Records -

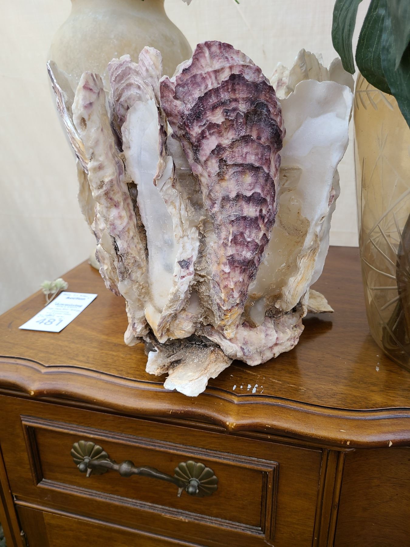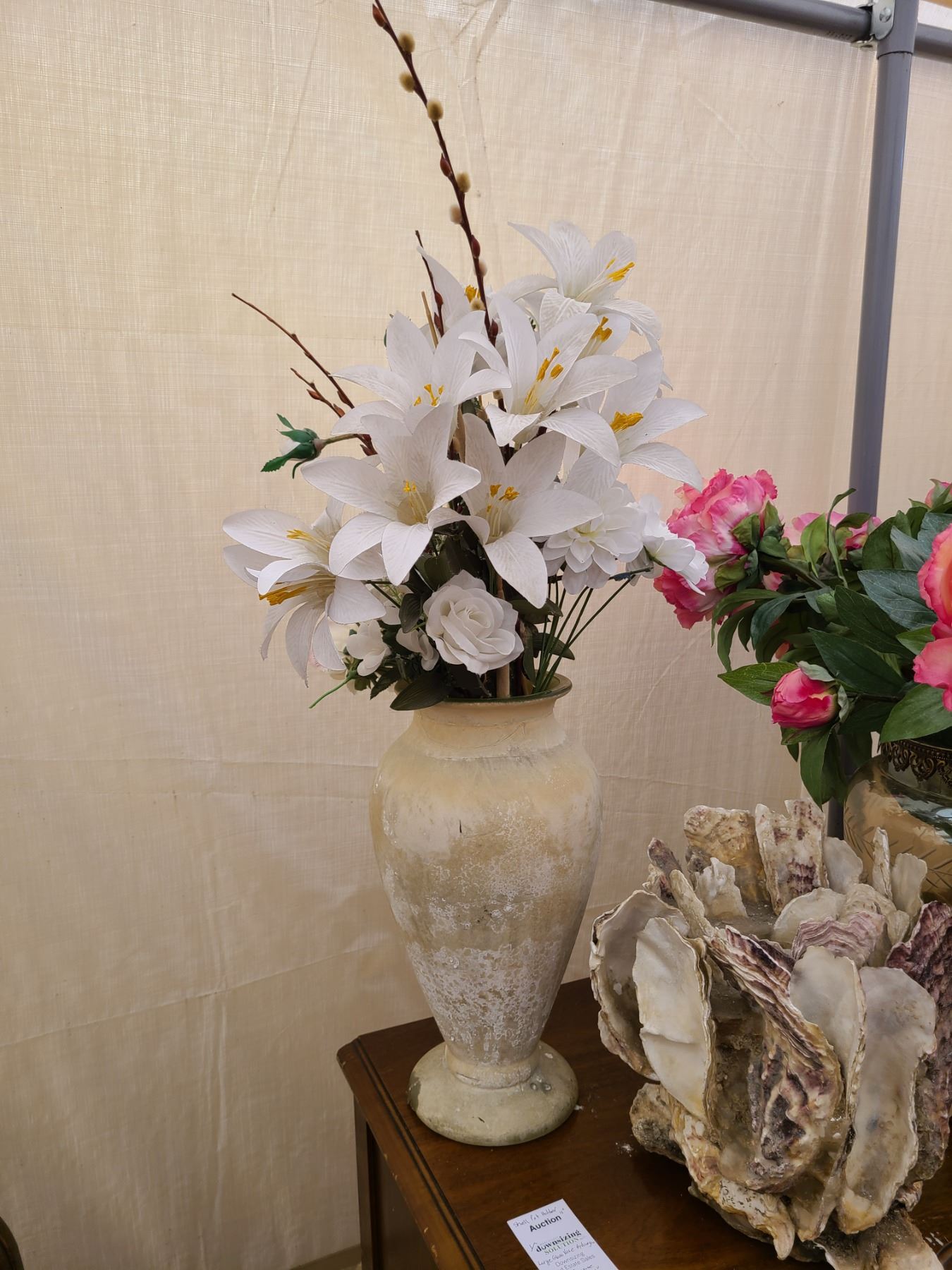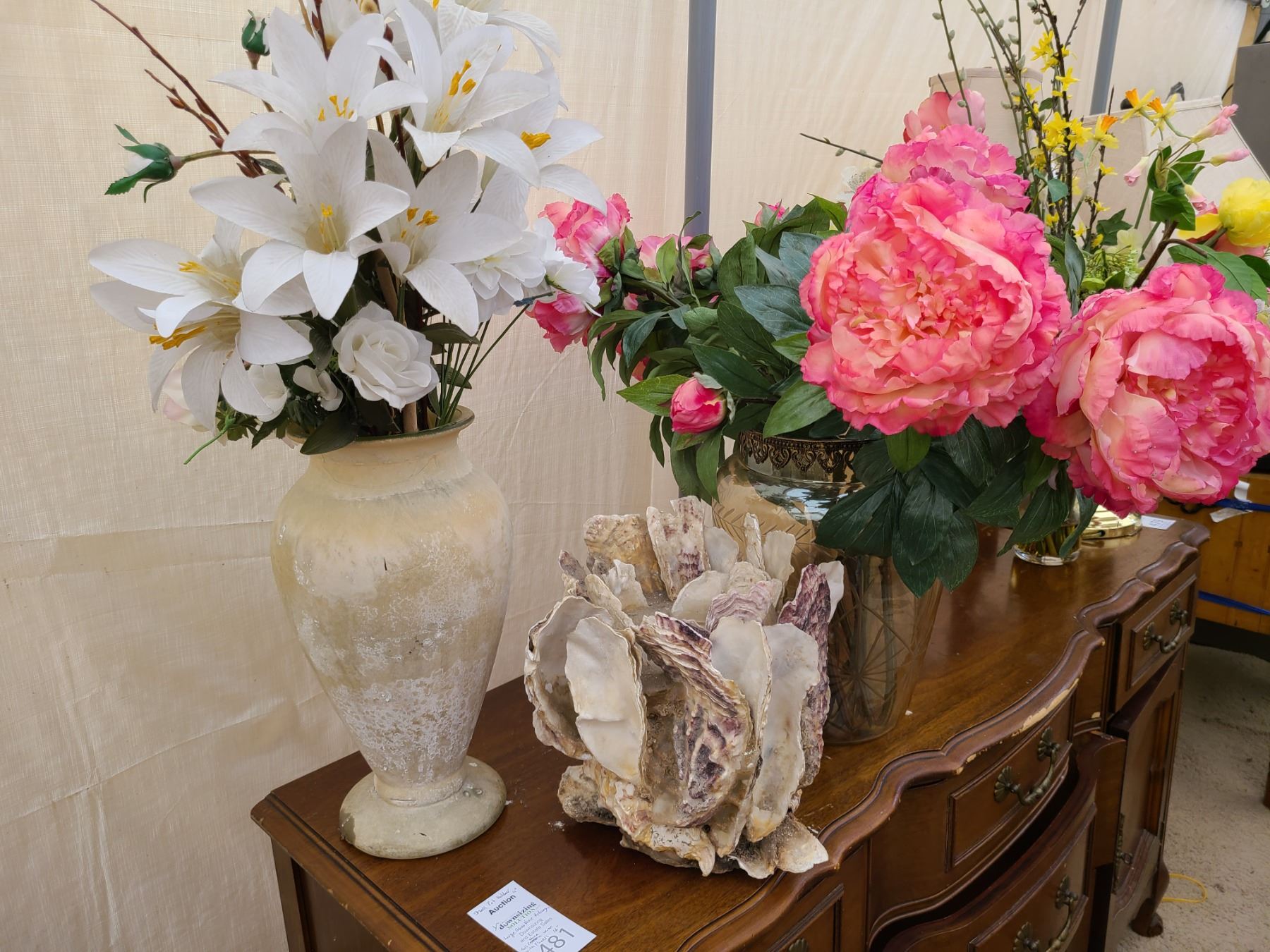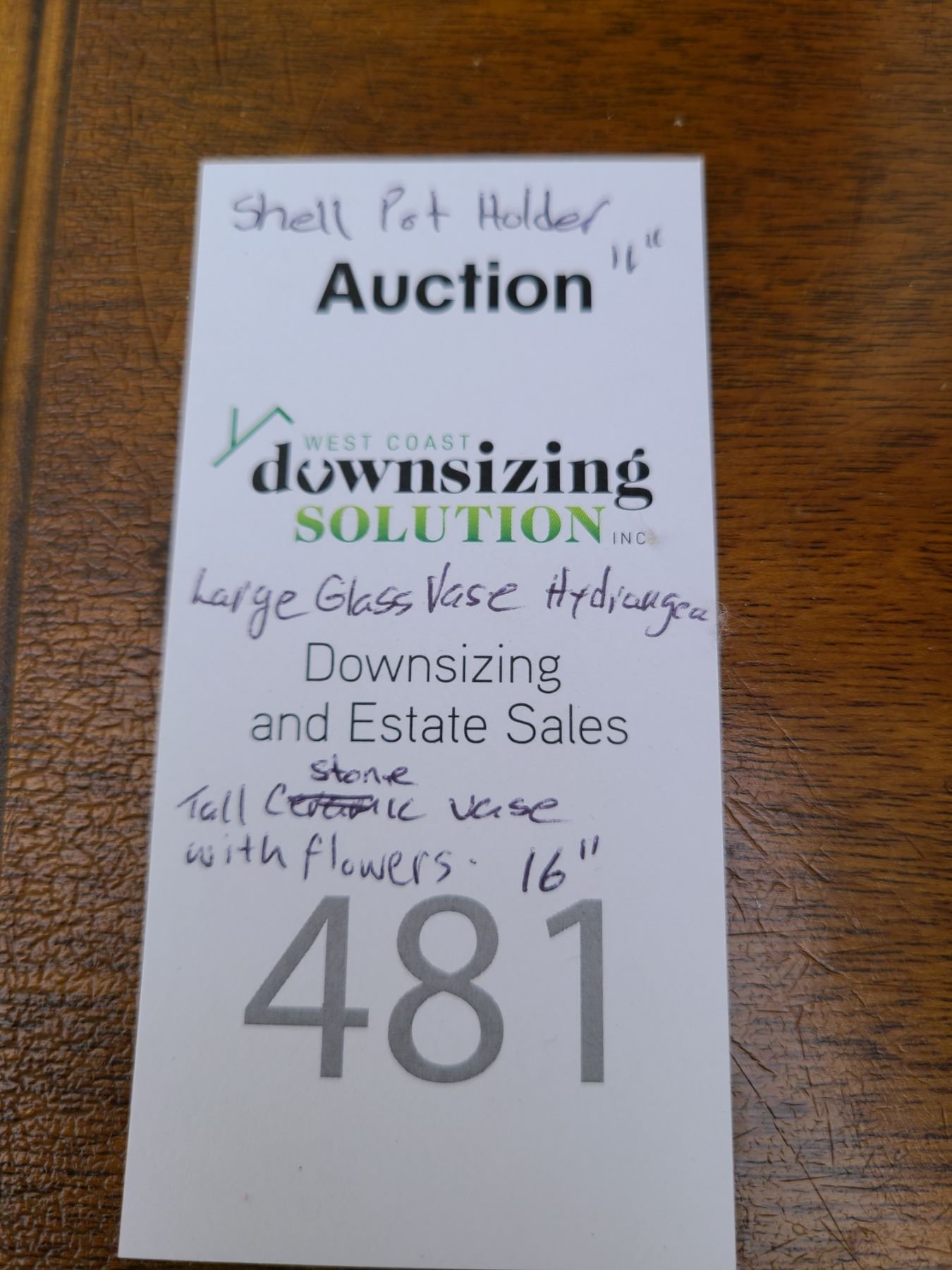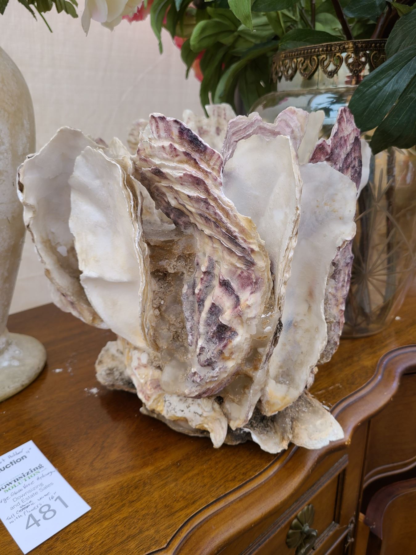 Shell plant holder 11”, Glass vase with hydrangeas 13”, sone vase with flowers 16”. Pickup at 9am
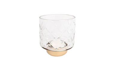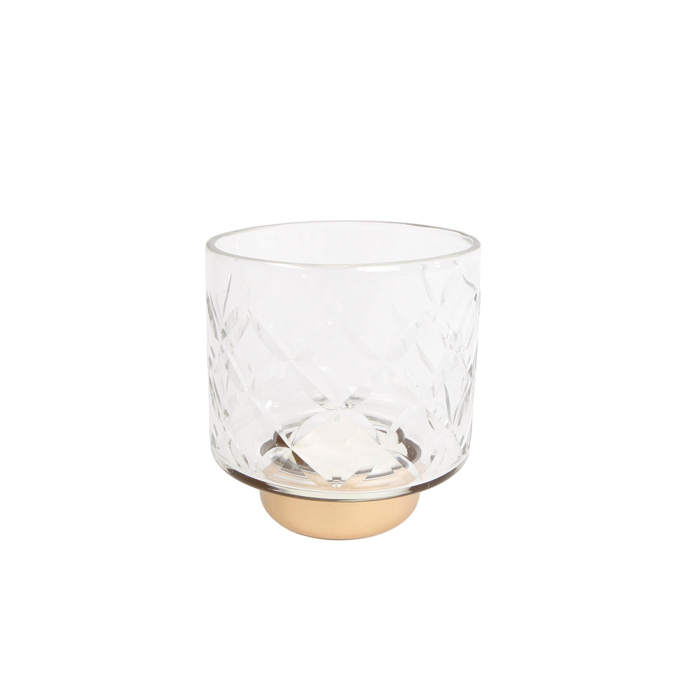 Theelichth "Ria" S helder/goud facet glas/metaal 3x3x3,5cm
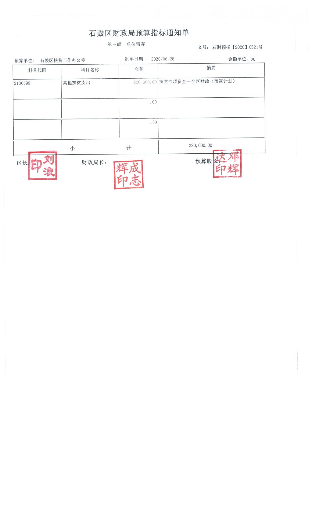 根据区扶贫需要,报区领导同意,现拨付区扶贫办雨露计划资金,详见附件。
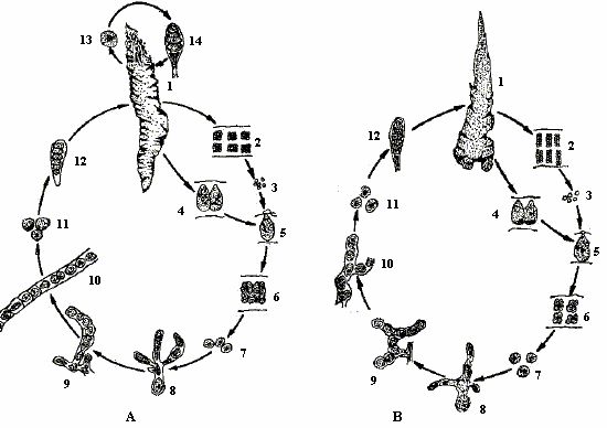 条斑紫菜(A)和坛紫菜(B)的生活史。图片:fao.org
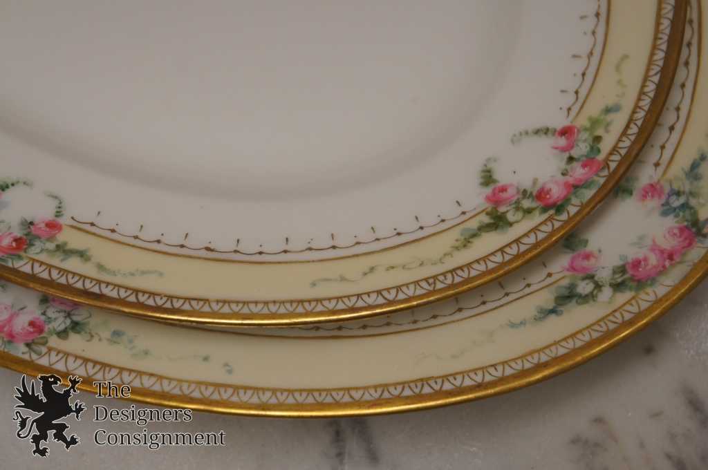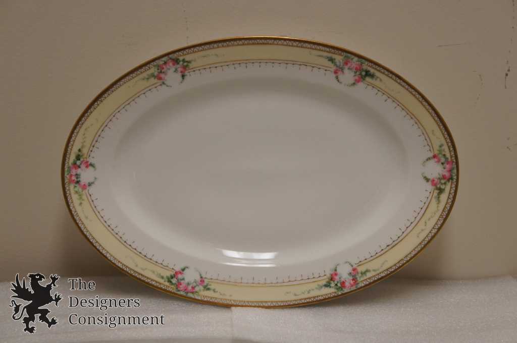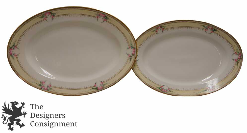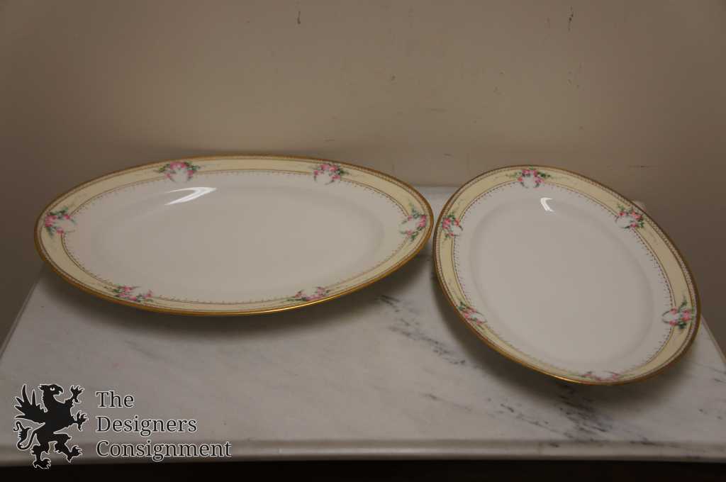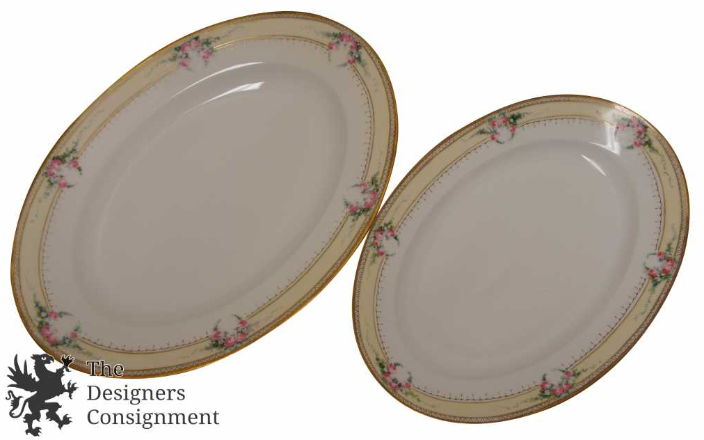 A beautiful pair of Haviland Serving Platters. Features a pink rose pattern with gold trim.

Your assignment -
Starting with the line that contains "facet glas/metaal 3x3x3,5cm", print every line through the end of the data exactly as written; omit all pictures and add nothing else.

Task response -
 Theelichth "Ria" S helder/goud facet glas/metaal 3x3x3,5cm
 根据区扶贫需要,报区领导同意,现拨付区扶贫办雨露计划资金,详见附件。
 条斑紫菜(A)和坛紫菜(B)的生活史。图片:fao.org
 A beautiful pair of Haviland Serving Platters. Features a pink rose pattern with gold trim.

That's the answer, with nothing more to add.